— Сын мой, готов ли ты…
От голубого взгляда и голода юного монаха охватила эйфория. Веселое сумасшествие, не знакомое ранее. Он почти не осознавал, как в руках его оказался кувшин.
— Да, я готов!.. — бодро отозвался монах, и собственный беспечный голос вдруг показался юноше чужим и незнакомым, а от железного скрипа засова мятежное сердце бешено забилось.
Холодный поток — в лицо и звук удаляющихся шагов… Опомнившись от неожиданности и вытирая лицо рукавом ризы, настоятель, тяжело дыша, затрусил по длинному сырому коридору. Но тут же повернул назад. Нет, одному ему не догнать беглеца. Скорее на улицу, позвать на помощь!
Вереница монахов медленно тянулась на звон колоколов.
— Назад! Все назад! К выходу у камней! — глаза настоятеля лихорадочно блестели.

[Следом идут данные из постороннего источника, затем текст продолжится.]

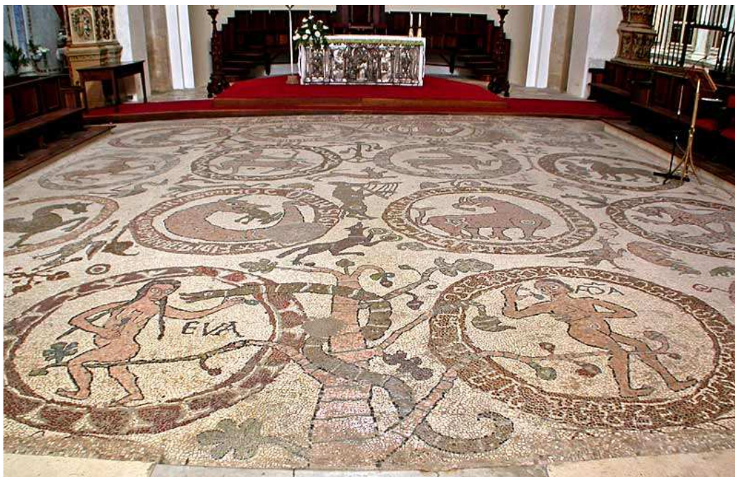
Eva en Adam, voor de zondeval in de Hof van Eden

Vreemd: Alexander de Grote wordt hier negatief voorgesteld, al voorbeeld van hoogmoed, doordat hij alles wil kennen en onderzoeken. Hij volgt dus Adam en Eva na in de zonde van te veel te willen weten. Omstreeks 1290 zal onze landgenoot Jacob van Maerlant hem opnemen, samen met Hector van Troje en Julius Caesar in de lijst van 'les Neuf Preux' (de Negen Dapperen), de negen grootste helden uit de hele wereldgeschiedenis, wier daden als na te volgen voorbeeld werden bezongen aan alle feodale hoven. Hiermee start een ware cultus onder de adel, die eeuwen zal duren, minsten tot in de 16 de eeuw.
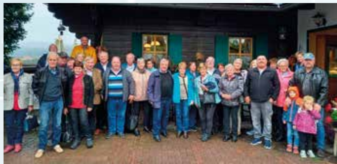
Vor der Buschenschank

Am Nachmittag gab es noch einen gemütlichen Besuch in einem Buschenschank, bevor es wieder zurück in die Obersteiermark ging. Trotz des nicht idealen Ausflugs-wetters war es doch ein gelungener Ausflug mit Freunden!
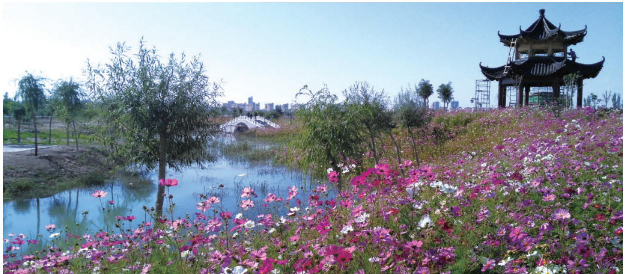
四坝海子生态治理项目
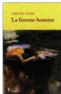
LA FEMME-HOMME Simone Piuze Éditions David
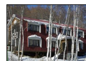
⑤. ロッジ エルケーナ
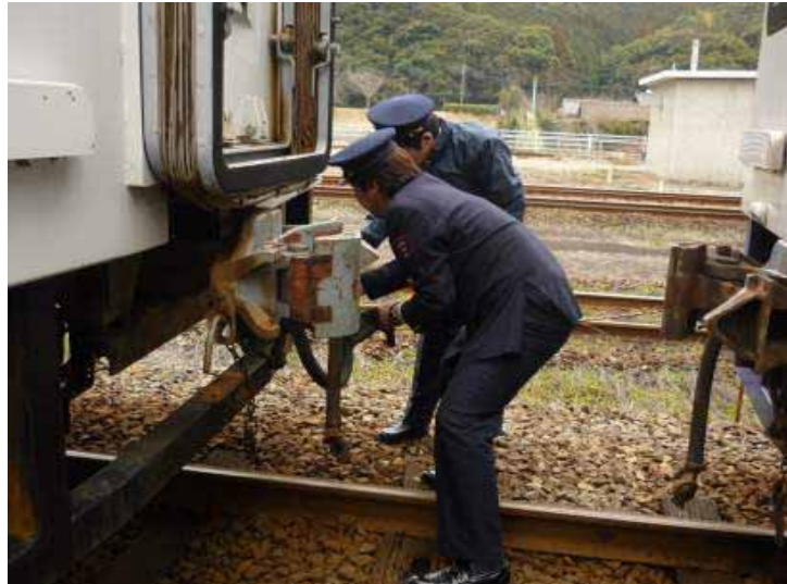
・運転士見習に対する先輩運転士の指導
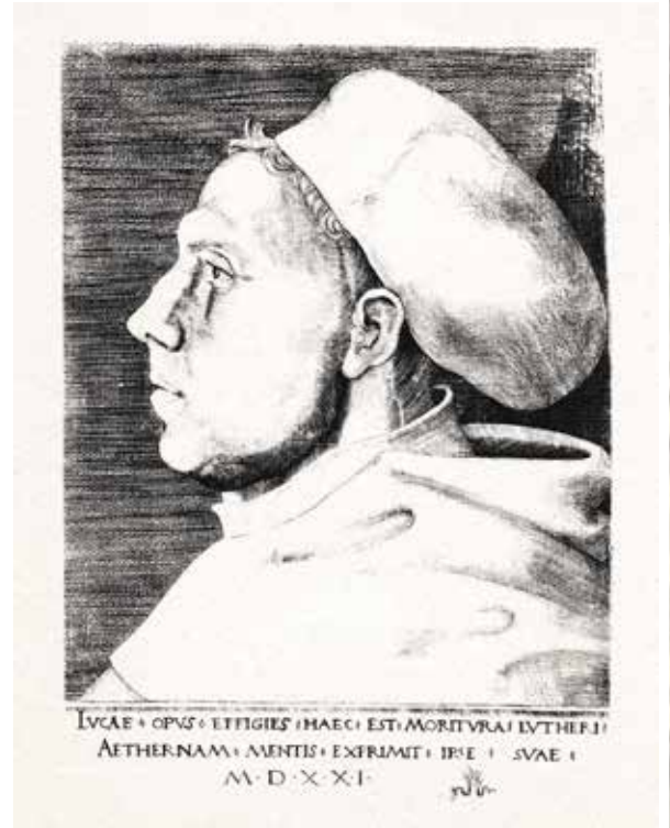
Maarten Luther als monnik.
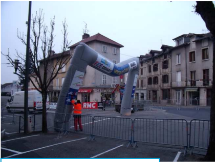
Gonflage de l'arche de Départ par les membres ASO
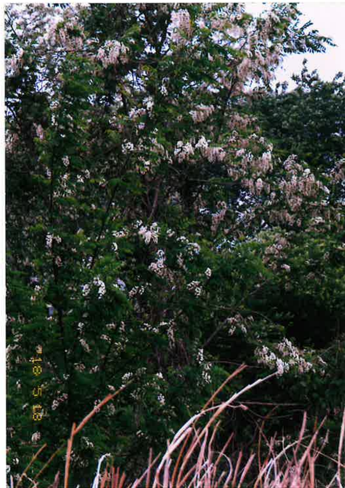
アカシアの花と樹木
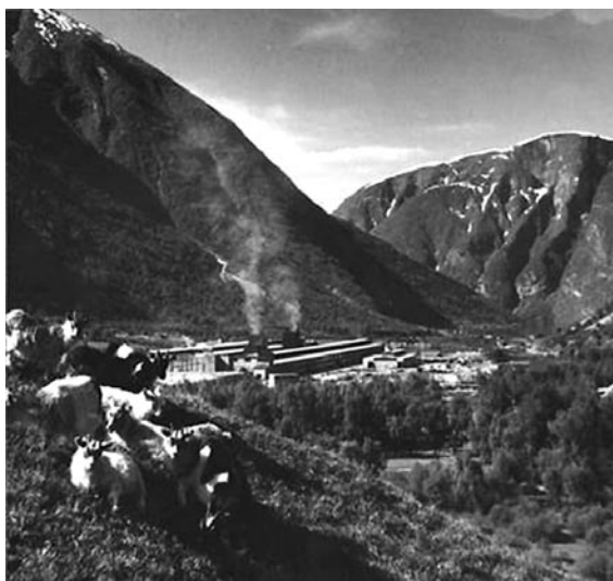
3 pav. Fabrikas ir miestas – neišskiriami: Norvegijos industrializacija, Årdalis, 1958 m.

Švedijos pokario vystymo svajones apie gerovės valstybės statybą įkūnija telekomunikacijų bendrovės „LM Ericsson“ plėtra 20 . Nuo pat 1930 m. buvo svajojama paversti Švediją nauja ir modernia šalimi. Įmonės, profesinės sąjungos, žmonės ir visuomenė

Повинуясь исступленному и вместе с тем властному голосу аббата, братья повернули назад.
Одна монашеская ряса, потом другая показались из небольшой лазейки у груды камней.
— Держите его, братья! Не дайте ему уйти! Это отступник, осквернивший имя Божье! Держите их! Держите! — тонкий голос звучал гневно и надрывно.
Монахи не двигались с места, окружив беглецов неплотным живым кольцом, сквозь которое, к ужасу настоятеля, так быстро пробирались двое в монашеских рясах, один из которых — монах, наказанный за прелюбодеяние. А другой? Кто же этот другой монах?
Аббата охватило отчаяние и страх перед безмолвным протестом братьев. Пот выступил на разгоряченном лице настоятеля, а из горла готов был вырваться крик бессилия, как вдруг…
Один из братьев толкнул переодетую пастушку прямо в грудь. Девушка тихо вскрикнула.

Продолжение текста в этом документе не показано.